IMITATION ROAST TURKEY

(From a Recipe furnished by Dr. Percy Crandall.)

Find a copy of a Thanksgiving-Day newspaper and select therefrom the fattest turkey on page 3. Now, with a few kind words, coax the turkey away from the newspaper in the direction of the kitchen. Care should be taken that the turkey does not escape in the butler's pantry or fly up the dumb-waiter, because the turkey is a very nervous animal. Once you get the turkey in the kitchen lock the door and prepare the stuffing. The best stuffing for a turkey is chestnuts, which you can obtain from any author who writes musical comedy. Now remove the wishbone carelessly and make a wish. Add twenty-four, multiply by nineteen, and sprinkle with salt. Then rush the turkey over to the gas stove before it has a chance to change its mind. Let it sizzle for four hours and serve hot with jib cocktails and Philippine napkins on the side.


MOCK COFFEE.

(From a Recipe furnished by Daniel V. Arthur.)

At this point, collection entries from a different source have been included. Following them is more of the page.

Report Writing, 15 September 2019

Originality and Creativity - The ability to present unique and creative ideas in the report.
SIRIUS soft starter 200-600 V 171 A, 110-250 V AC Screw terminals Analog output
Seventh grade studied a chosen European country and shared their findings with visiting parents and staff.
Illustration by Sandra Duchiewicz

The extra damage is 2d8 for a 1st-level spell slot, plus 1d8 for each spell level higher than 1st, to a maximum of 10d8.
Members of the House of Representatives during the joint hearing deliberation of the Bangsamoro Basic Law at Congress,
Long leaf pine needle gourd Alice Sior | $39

Get mad at a piece of bread and soak it. Chop it up fine and add liquid water. Let it sizzle. Stir it caressingly with a wooden spoon. When the spoon becomes a brunette the coffee is done. Serve without splashing it and add a little cold water, painted white, to look like milk. If you have any tame cheese in the pantry now is the time to whistle for it.


MOCK GIBLETS.

(From a Recipe furnished by Edward Abeles.)

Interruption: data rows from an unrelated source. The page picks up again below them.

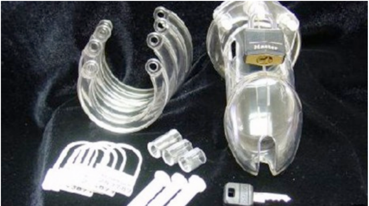
“CB-6000 chastity belt for men. Built from medical grade polycarbonate plastic, it's a complicated looking cage that fits around and over a gentleman's tackle, rendering the entire lunchbox more or less ornamental, except for bathroom trips.” A tackle box for your favorite fisherman!
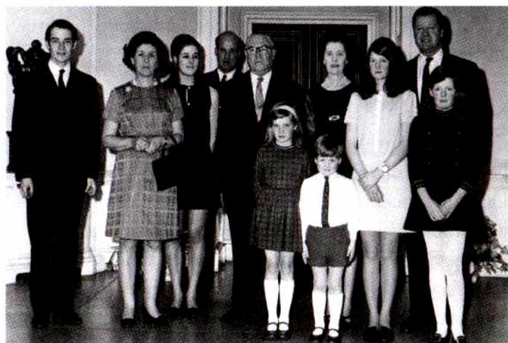
The Spencer family at Althorp House, 1969. Diana (left) and Charles are at the front of the picture

Diana's mother and father divorced in April 1969. Frances married Peter Shand Kydd soon after. Diana and her brother had holidays with Peter and his three children. Later, Frances and Peter bought a big house on the Isle of Seil. Seil was an island near the west coast of Scotland.
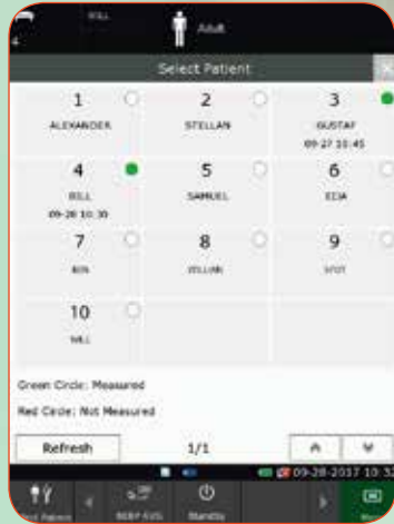
Patient status with color code
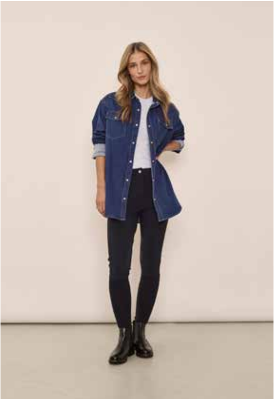
Melvin Denim Shirt, Malin Tech T-shirt, Mila Full Grip Breeches
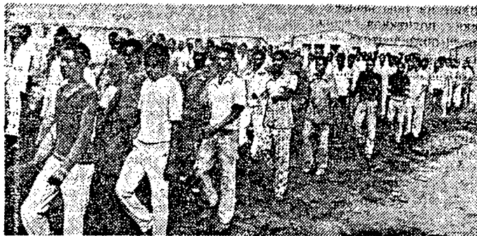
Volunteers of One of These Brigades in Bie Province

The Angolan people have firmly resolved to repulse South African aggression. In many regions of Angola, national guard brigades have been formed for the defense of the revolutionary achievements.
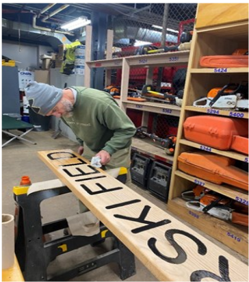
New Zagorski Field sign for Rye Street
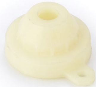
SM-54 Spray Head 14 mm
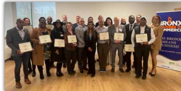
SPRING NEW MEMBER BREAKFAST
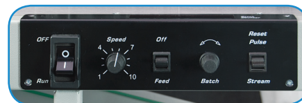
Easy-to-use control panel

* Speed varies depending on paper weight
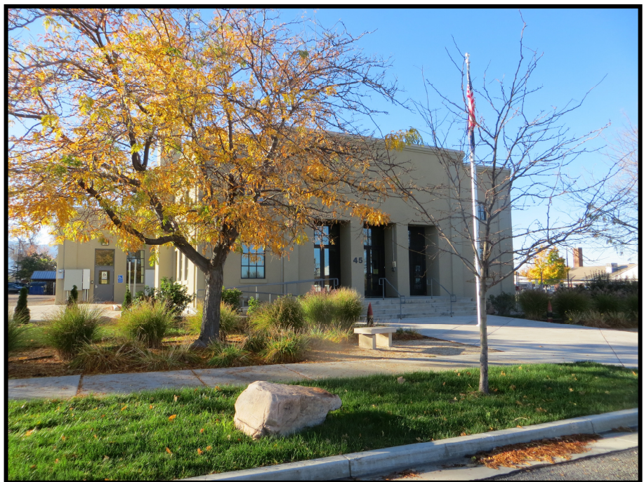
National Guard Armory in 2016
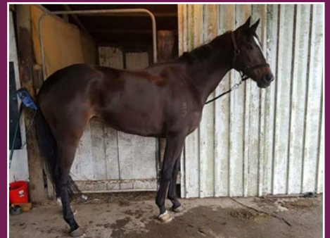
WELL-RELATED PENTIRE MARE

NEXT NZ AUCTION DATES • Listings close 7pm Monday 23 October • Catalogue published online 5pm Tuesday 24 October • Bidding from 5pm Tuesday to close of auction on Monday 30 October at 7pm •
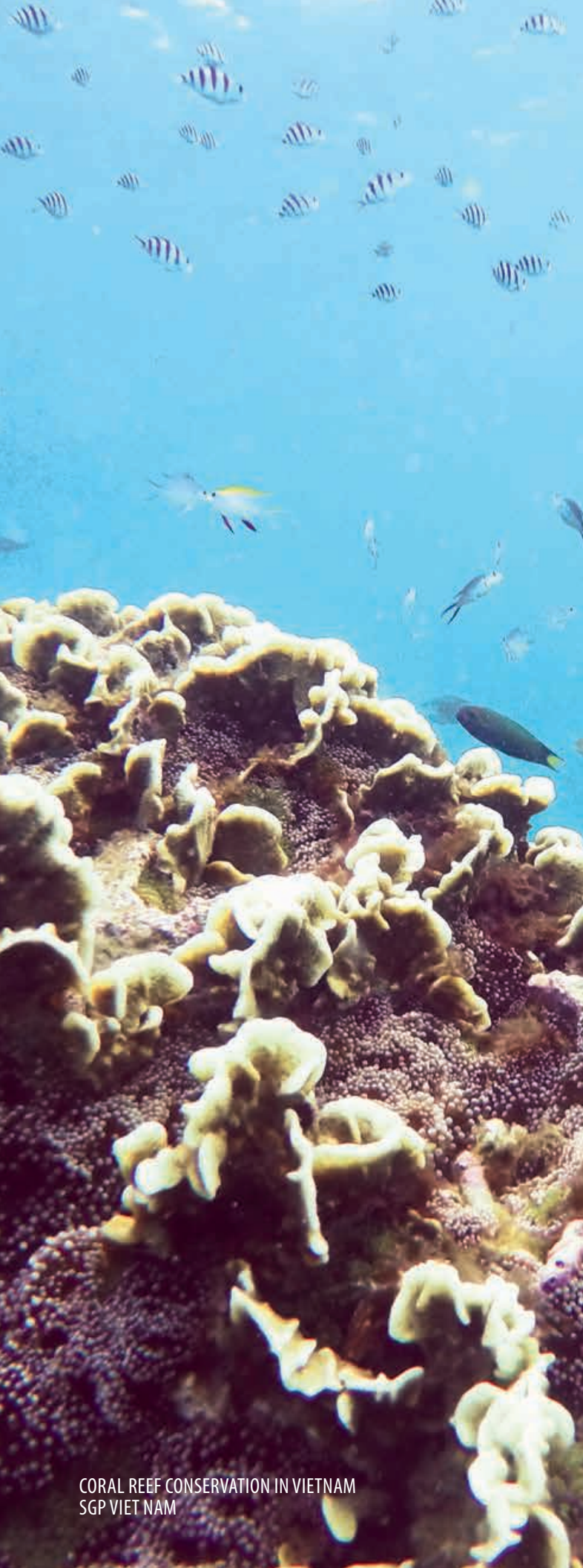
CORAL REEF CONSERVATION IN VIETNAM SGP VIET NAM
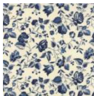
Lexington
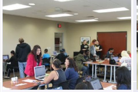
KASFAA Financial Aid Workshop at WSU

Take two rubber-neck clams and, after stuffing them with peanuts, fry them over a slow fire. Now remove the necks from the clams and add baking soda. Let them sizzle. Take the juice of a lemon and threaten the clams with it. Serve hot with pink finger-bowls with your initials on them. Some people prefer to have their initials on the clams, but such an idea is only for the wealthy.


MOCK BREAKFAST BACON.

(From a Recipe furnished by A. Baldwin Sloane.)

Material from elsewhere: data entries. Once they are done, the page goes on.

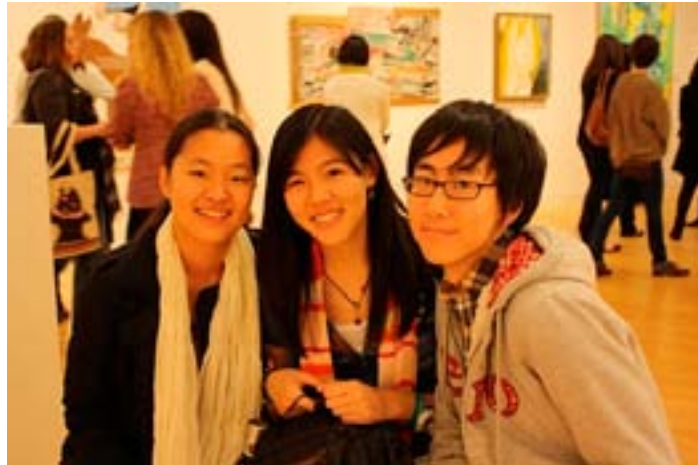
students at Georgia Museum of Art
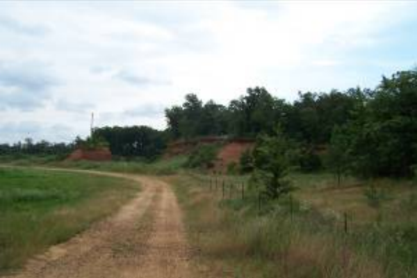
View looking East on site
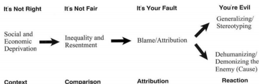
Figure 2: Borum's Four-Stage Model for the Process of Ideological Development 39

The New York Police Department's Intelligence Division developed a linear four-stage model (see figure 3) to explain an individual embracing a radical ideology and acting upon it violently. The process begins in the pre-radicalisation stage, whereby an individual is exposed to Jihadi-Salafi ideology. This is followed by a 'self-identification' stage during which an individual closely examines Salafi Islam and its ideological principles. During the indoctrination phase, the individual's beliefs intensify and she/he surrounds herself/himself only with like-minded individuals. In the last 'Jihadisation' phase, the individual fully accepts Salafi Islam as a radical ideology and acts upon it. 40
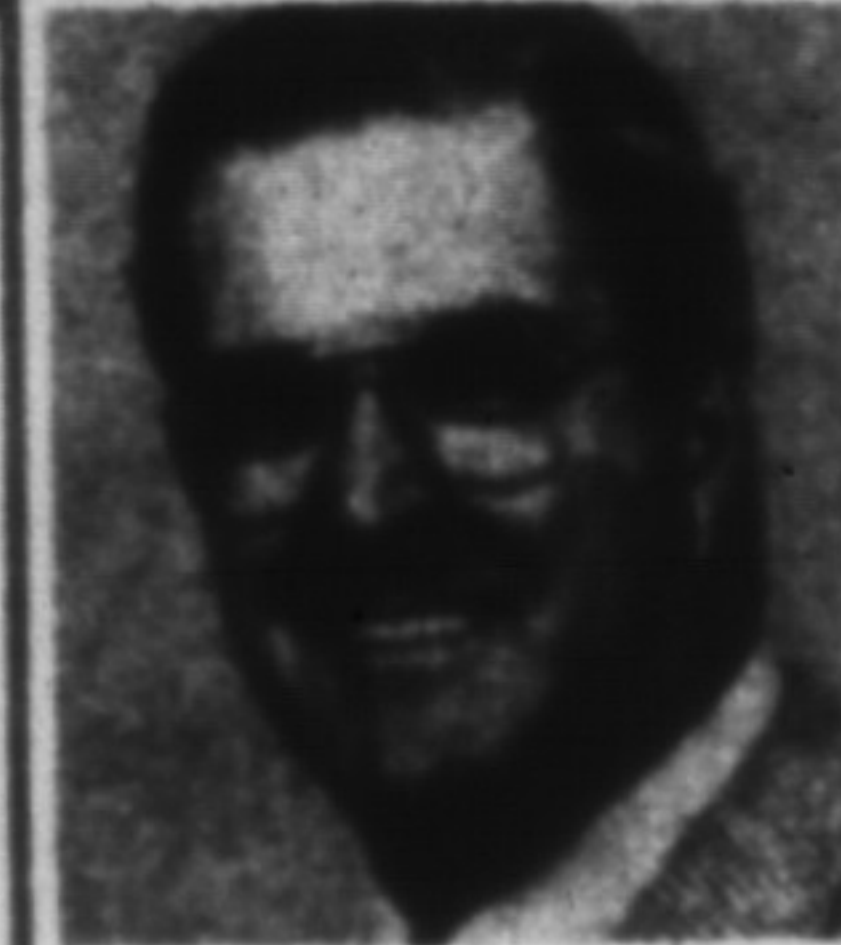
Les Bunker *

BE "COOL" IN YOUR OWN "POOL" This lovely three bedroom side-split home features 5 level open concept design with walkout to pool from dining room, ceramic floors on entire main level, within walking distance of schools and shops. Call Mark Symonds 826-9218 or (Tor.) 826-9218.
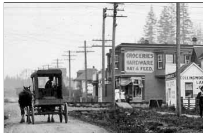
402 Joyce was the grocery store, at Vanness near the BCER tracks. 412 Joyce was the PO, one of those buildings just past the grocery store.
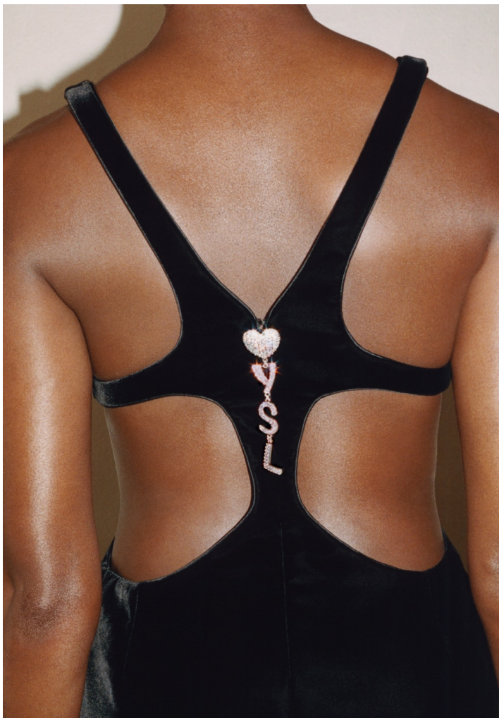
Dress: Yves Saint Laurent
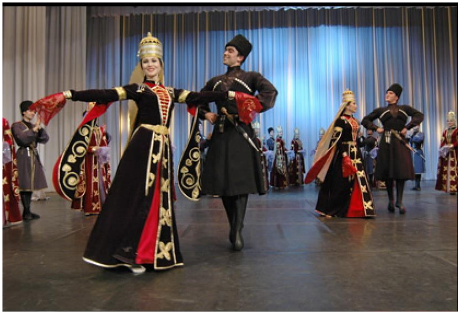
The Adigean State Academic Folk Dance Ensemble 'Nalmes'. Established in 1936, 'Nalmes' sees itself as 'the collector, guardian, and interpreter of Adigean folk music and dancing'.

'Nalmes', a folk song and dance group which was set up in the early 1970s, although it was first established in the 1930s, but was later dissolved.<sup>6</sup>
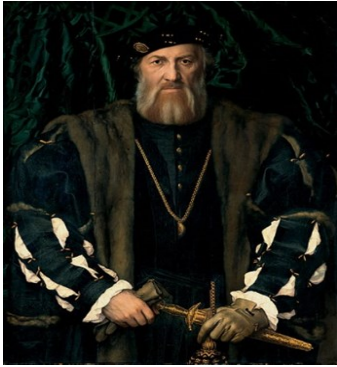
Hans Holbein the Younger (1497/1498–1543) Charles de Solier, Sieur de Morette, Ambassador of France to the King of England – 1534 - Oil on panel 29.6 in x 36.4 in Staatliche Kunstsammlungen Dresden - Gemäldegalerie Alte Meister [Public Domain]

The Catholic Gentleman: Living Authentic Manhood Today Sam Guzman, 2019, Ignatius Press, 177 pages.

Take a hatful of pine shavings and remove the hat. Add a little sherry wine and sweeten to taste. Let them sizzle. Sprinkle with salt and pepper and other cosmetics. Let them sizzle. Serve cold with shredded onions on the side.


MOCK BEEF STEAK.

(From a Recipe furnished by Joseph Coyne.)

Carefully remove the laces from an old shoe and put them away, because they can be used for shoe-string potatoes just as soon as the potato trust gets started. Beat the shoe with a hammer for ten minutes until its tongue stops wagging and it gets black and blue in the face. Then put in the frying pan and stir gently. When it begins to sizzle add the yolk of an egg and season with parsley. Imitation parsley can be made from green wall paper with the scissors. If there is no green wall paper in the house speak to the landlord about it. Let it sizzle. Should you wish to smother it with onions now is your chance, because after cooking so long it is almost helpless. Serve hot with a hatchet on the side. If there are more than four people in the family use both shoes.


IMITATION IRISH STEW.

(From a Recipe furnished by Charles Swayne.)

Remove the jacket and waistcoat from a potato and put in the saucepan. Add three quarts of boiling water. Get a map of Ireland and hang it on the wall directly in front of the saucepan. This will furnish the local color for the stew. Let it boil two hours. When the potato begins to moult it is a sign the stew is nearly done. Walk easy so as not to frighten it. Add a pint of rhubarb and serve hot with lettuce dressing. If the lettuce isn't dressed it ought to be ashamed of itself.


IMITATION PRUNE PIE.

(From a Recipe furnished by George W. Lederer.)

Take a dozen knot-holes and peel them carefully. Remove the shells and add a cup of sugar. Stir quickly and put in a hot oven. Bake gently for six hours and then add a little Jamaica ginger and some pickled rag-time. Serve hot with tea wafers on the side.




I haven't seen Bunch since the book came out.

But I know he will get back at me good and hard some of these fine days.